Edward C. Cuomo, 50, of Brandywine Avenue, Schenectady, was sentenced to a total of 21⁄2 to 71⁄2 years in state prison after pleading guilty earlier to two counts of third-degree grand larceny, a felony.

He was also ordered to pay just under $24,000 in restitution, mostly to banks he defrauded.

Cuomo was arrested in September 2011, accused of writing checks against a closed personal account, depositing them in his business account and then withdrawing the cash before the banks realized the checks were bad, authorities have said. Cuomo’s business was called Supreme Steak and Seafood.
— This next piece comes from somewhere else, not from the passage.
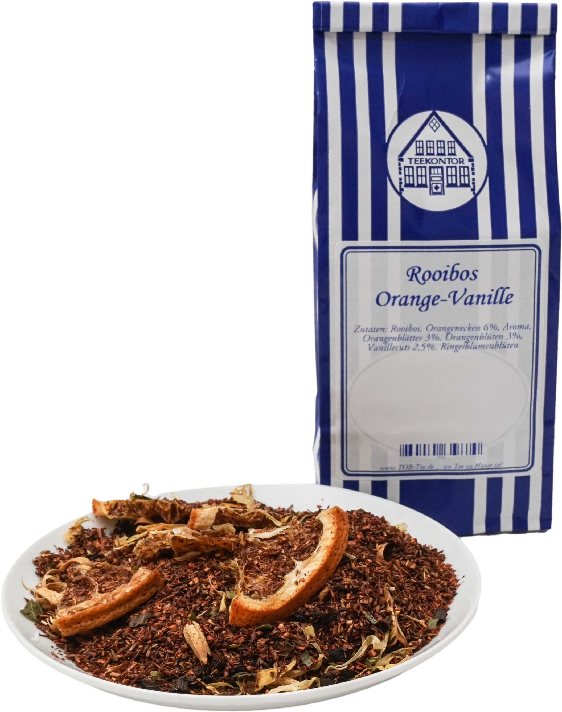 Zutaten: Rooibos, Orangenecken 6%, Aroma, Orangenblätter 3%, Orangenblüten 3%, Vanillecuts 2,5%, Ringelblumenblüten
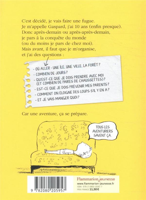C'est décidé, je vais faire une fugue. Je m'appelle Gaspard, j'ai 10 ans (enfin presque). Donc après-demain ou après-après-demain, je pars à la conquête du monde (ou du moins je pars de chez moi). Mais avant, il faut que je m'organise, et j'ai des questions : - Où aller : une île, une ville, la forêt ? - Combien de jours ? - Qu'est-ce que je dois prendre avec moi (et combien de paires de chaussettes) ? - Est-ce que je dois prévenir mes parents ? - Comment on éloigne des loups s'il y en a ? - Et je vais manger quoi ? Car une aventure, ça se prépare.

He was also accused of using others in similar schemes, giving them a percentage of the take.

In court Monday, Cuomo declined to directly give a statement during sentencing. Through his attorney Sven Paul, though, he apologized for his actions.

“He expresses his sincere remorse and apologizes to all those affected by his conduct,” Paul told the court.

Paul said his client maintains that he did not embark on his business ventures with the purpose of defrauding others. But, “as is his pattern, he either becomes overwhelmed or looks for a quick remedy to get out of an immediate situation, at which point he obviously makes grievous errors, which result in harm to others, as well as harm to Edward.”

Cuomo’s criminal history goes back 24 years and includes 32 misdemeanor and three felony convictions, prosecutors have said. The felonies were for similar conduct, prosecutors have said, and resulted in three separate prison terms.

Sentencing Cuomo was Supreme Court Justice Michael V. Coccoma, who referenced a pre-sentencing report that cited Cuomo’s prior problems with gambling, as well as a pattern of similar activity.

He said he wouldn’t be surprised if gambling was what brings out Cuomo’s larcenous behavior.

While in custody, and after he gets out, Coccoma urged Cuomo to re-engage in counseling or Gamblers Anonymous.

“Otherwise this pattern is just going to continue and the result will be innocent people will be harmed and your freedom is going to be impaired,” Coccoma said.

“In other words,” he said a short time later, “you’re just going to continue this cycle unless you take affirmative steps to break the cycle.”